Study material below:

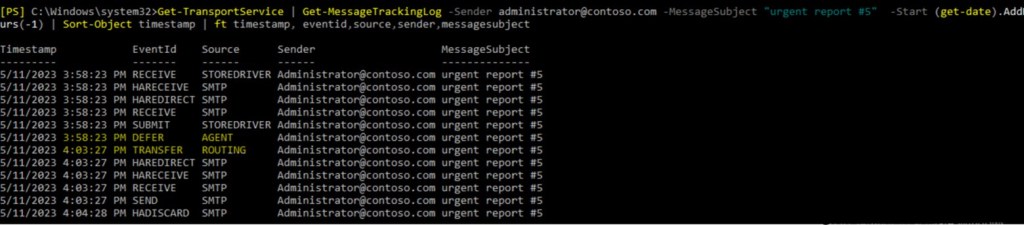 - Search for problematic email in message tracking logs:
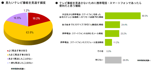 見たいテレビ番組を見逃さないために、携帯電話・スマートフォンで、あったら便利(使う)と思う機能について調査したところ、「外出先から携帯電話・スマートフォンを使った自宅のテレビ/録画機へのリモート録画予約機能」と回答したユーザーが58.0%と最も多く、次いで「自分自身でカスタマイズできるMy番組表」と回答したユーザーが24.4%、と、外で使える録画機能についてのニーズの高さが目立った。
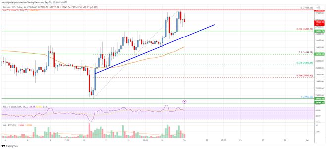 比特币价格在26,200 美元阻力区上方开始大幅上涨。价格稳定在 26,200 美元上方,并在积极区域内交易。
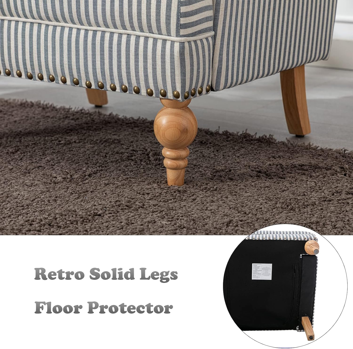 - CURVED ARMREST - The armrests are designed as round shap, which will be much comfier to relax your arms and shoulders on them. The bronze nailheads trim makes it more unique, it will be a siutable single sofa in your room
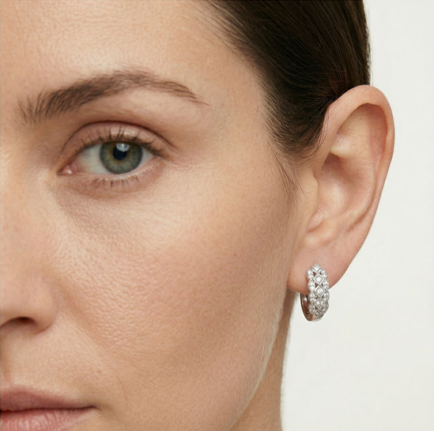 Moderní stříbrné náušnice s vypleteným předním dílem zdobeným kubickou zirkonií.

End of Study material.

[How to complete this task]
Only the lines from where the data begins to the line with "- CURVED ARMREST", both of them included, should be reproduced word for word; no pictures.

[Response area]
 - Search for problematic email in message tracking logs:
 見たいテレビ番組を見逃さないために、携帯電話・スマートフォンで、あったら便利(使う)と思う機能について調査したところ、「外出先から携帯電話・スマートフォンを使った自宅のテレビ/録画機へのリモート録画予約機能」と回答したユーザーが58.0%と最も多く、次いで「自分自身でカスタマイズできるMy番組表」と回答したユーザーが24.4%、と、外で使える録画機能についてのニーズの高さが目立った。
 比特币价格在26,200 美元阻力区上方开始大幅上涨。价格稳定在 26,200 美元上方,并在积极区域内交易。
 - CURVED ARMREST - The armrests are designed as round shap, which will be much comfier to relax your arms and shoulders on them. The bronze nailheads trim makes it more unique, it will be a siutable single sofa in your room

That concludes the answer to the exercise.